娼妓の現在数が千五、六百人いて妓楼が百四十軒余り、娼妓は主に関東者で約六割、関西者の二割他は全国から集まった程の美人揃い。長唄や清元が盛んで土地の西川流の舞踊も心得て居り、下手な市中の芸者も近づけない気品をもっていたとのこと。

これは即ち他の一流芸妓が何らかの理由で芸妓を辞め、中村遊郭に来て娼妓をやっている事を示唆しています。

昭和四年刊『全国花街めぐり』によれば、名古屋市には当時「五連妓」と称す盛栄連、浪越(なっこし)連、中券、廓連、睦連の五花街があり東京で言えば新橋、柳橋といった一流所、広小路を挟んで市街の中央部を占めていました。

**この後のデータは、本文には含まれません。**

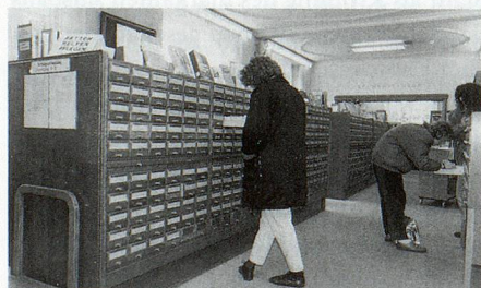
Der Sachkatalog der Stadtbibliothek Winterthur 1990.

dass eine frei zugängliche Präsentation der Bestände immer weniger möglich war.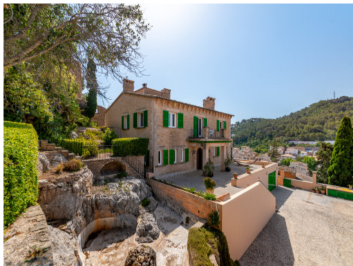
Frontansicht des Palazzos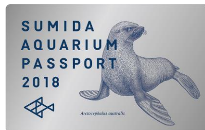
年間パスポート 2018年新デザイン

販売内容：2018年新デザインのすみだ水族館年間パスポートを販売します。戌年にちなんで、券面も犬のなかまであるオットセイのデザインになっています。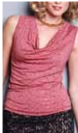
cardinal ctp. 14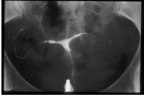
Figure 5 : utérus en T et hypoplasique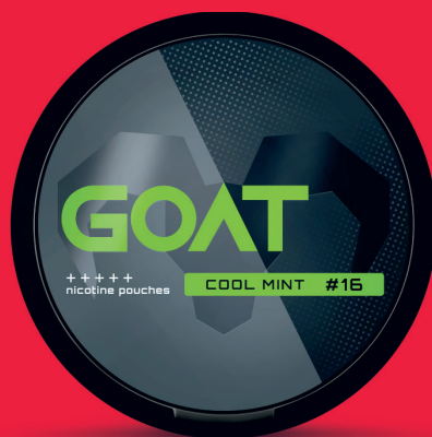
GOAT Cool Mint #16 Peppermint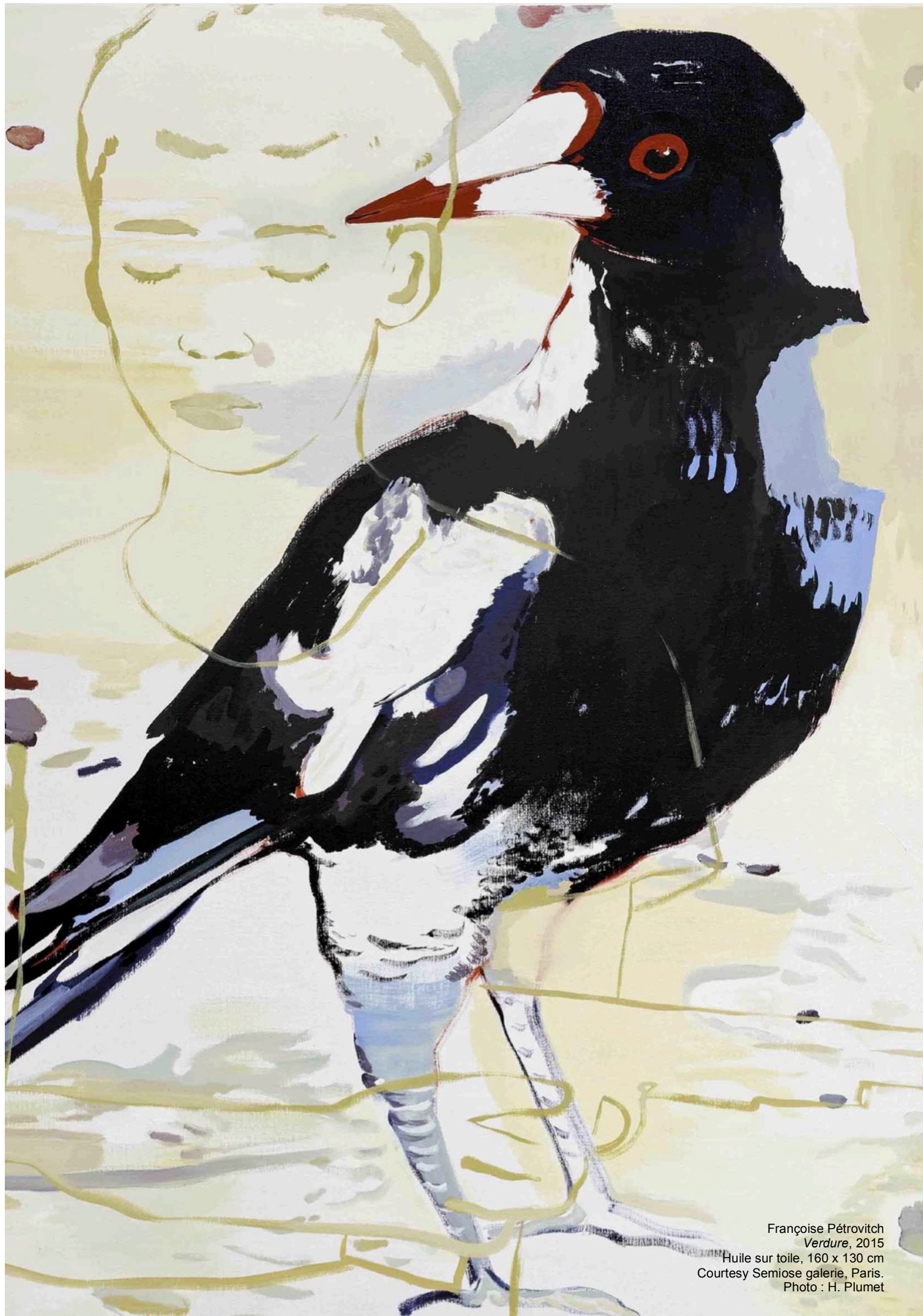
Françoise Pérovitch Verdure , 2015 Huile sur toile, 160 x 130 cm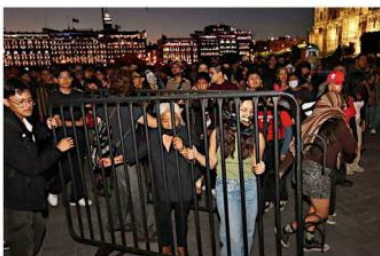
■ Integrantes de grupos anarquistas y policías de la CDMX sostuvieron un pequeño altercado.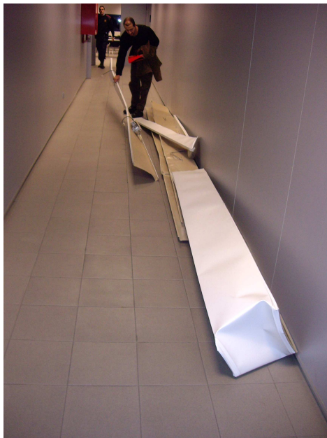
foto 1. panells d'alumini retirats. Total 5 panells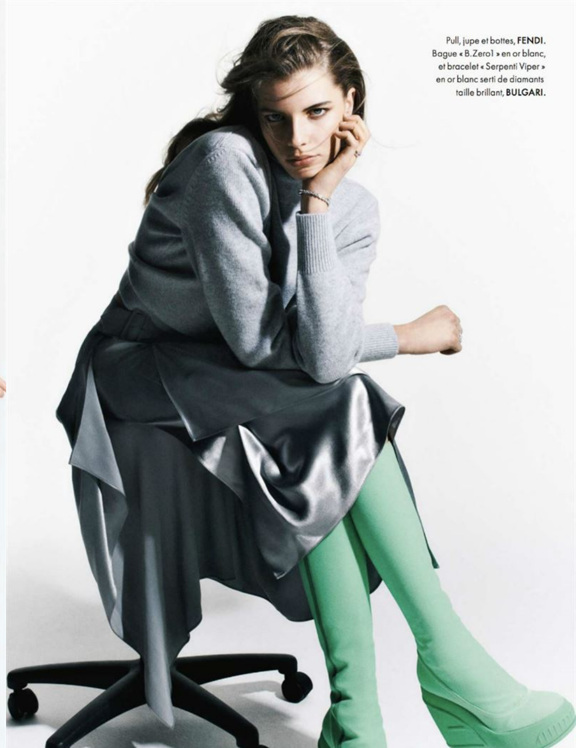
Pull, jupe et bottes, FENDI . Bague « B.Zero1 » en or blanc, et bracelet « Serpenti Viper » en or blanc serti de diamants taille brillant, BULGARI .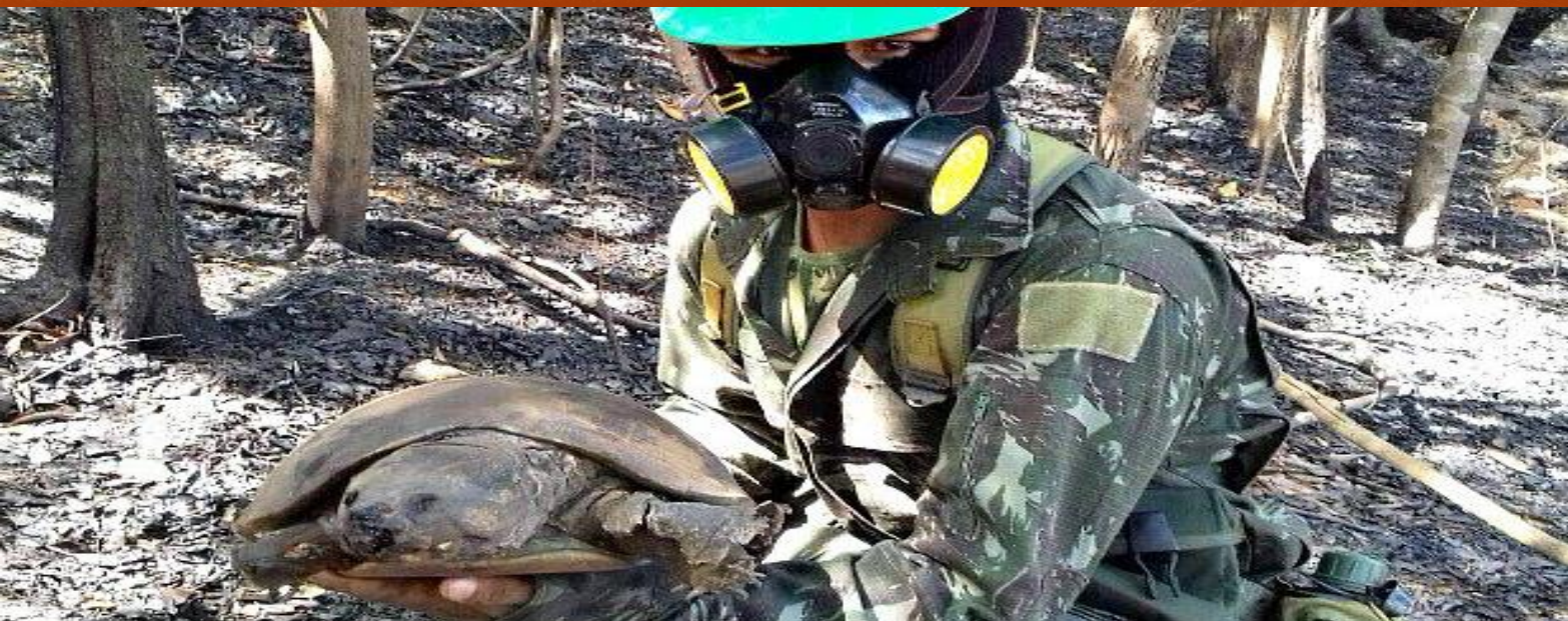
Peltochephalus dumerilianus .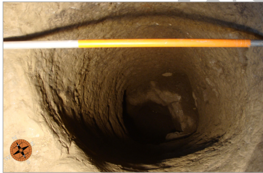
تصویر ۶. حلقه چاه در کف فضای شماره ۲۹ کارگاه شماره ۵ (نگارندگان)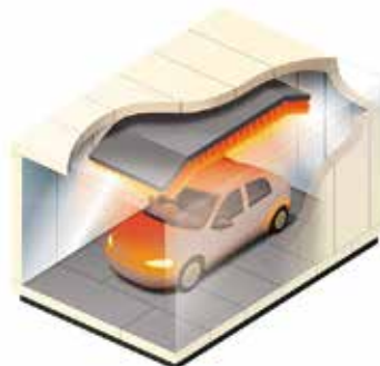
自動車メーカーの性能実験室

東西工業(株)は、技術を追及する礎である「人と人との繋がり」を大切に取り組み、地域をけん引する企業として発展しています。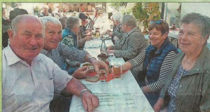
Gute Stimmung bei herrlichem Wetter – so war das Herbstfest rund ums Merdinger Weinhaus im vergangenen Jahr.

Weitere Informationen zu den Angeboten der WG Merdingen gibt es im Internet unter www.winzer-merdingen.de .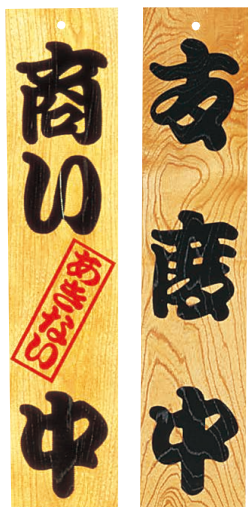
⑲ ケヤキ 商い中/支度中 <PPL-33> ⑥ 1-2563-1901 ¥8,000 130×600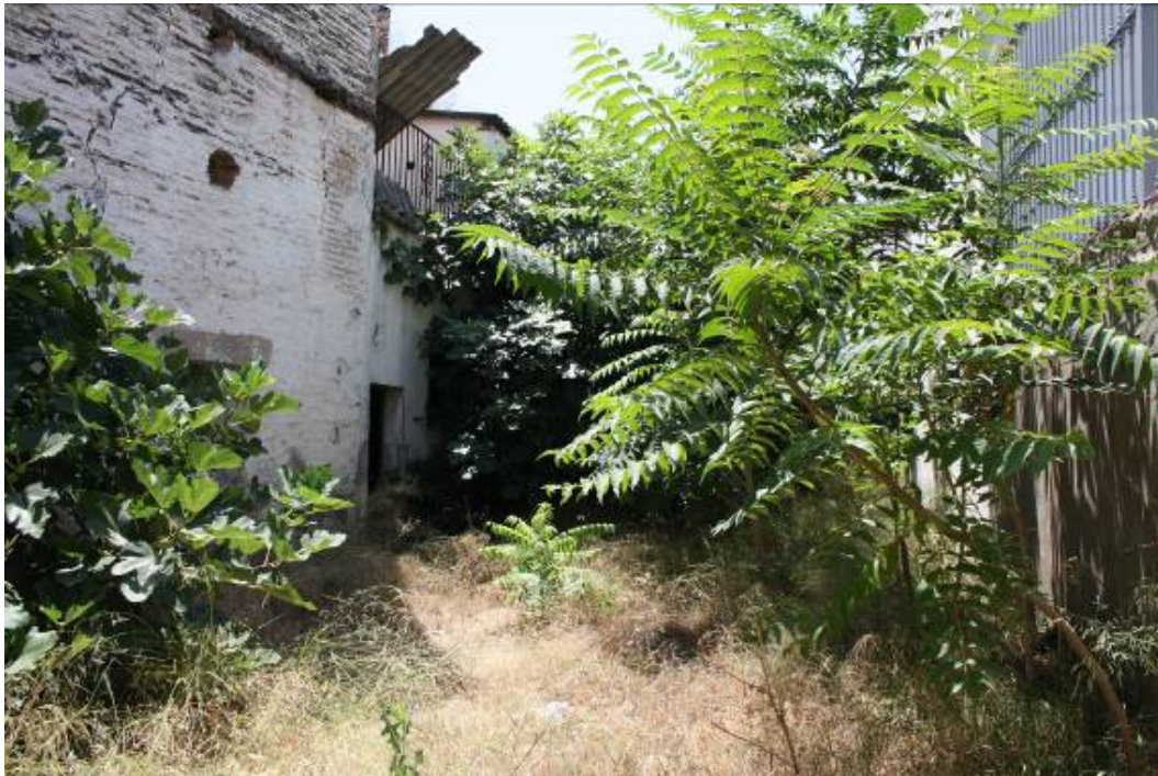
Vista del Patio trasero.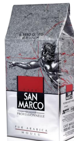
SAN MARCO KILO

Pur Arabica Goût racé, subtil et voluptueux > Existe en kilos Grain & Moulu Extra fin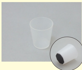
マグネット付カップ

スコッチ面で目荒らし、フェルト面でバフがけ、コットンを巻きキッドサンドペーパーJを含ませて充填の除去と多目的に使える便利ツール。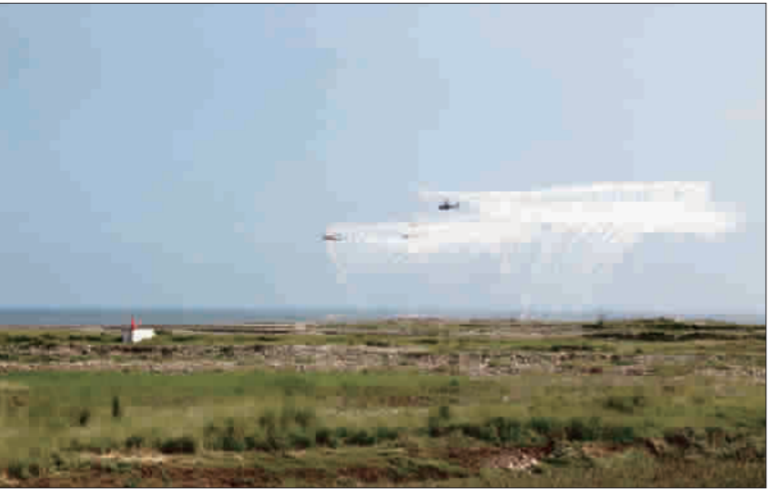
國軍反登陸作戰演練

國軍第五作戰區26日在台中番仔寮陣地實施「作戰區聯合反登陸作戰演練」任務，首先由民用無人機展開情蒐演練，接著經國號戰機兩架次火力支援，搭配海軍飛彈快艇2艘，對船塢登陸母艦攻擊演練，緊接著陸航8架次響尾蛇直升機發射地獄火飛彈，對戰車登陸艦攻擊，最後由陸軍155榴彈牽引砲猛烈轟炸完成任務。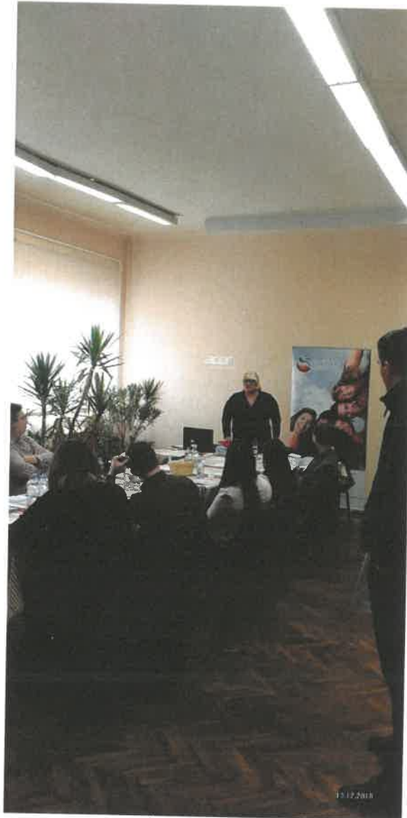
LEADER HIÁNPÓTLÁSOK – FÓRUM 2018.12.13. 14 óra Nyíradony

これに続いたのが浅遊連、善遊喜(みゆき)連、美波連、熱田連、和合連、吾妻連、八幡連そして中村遊郭の芸妓で構成された旭連でこれら八連妓を加え、先の五連とあわせ十三連妓と呼ばれていました。

さらに場末の蝶遊連、枇杷島連、築地連、南連を合せると十七連妓になり、名古屋市には十七花街があったことになります。ちなみに廓連が中村と思い込みそうですが、中村遊郭移転前の地区にあったことから起こった名で、新地連とも呼ばれました。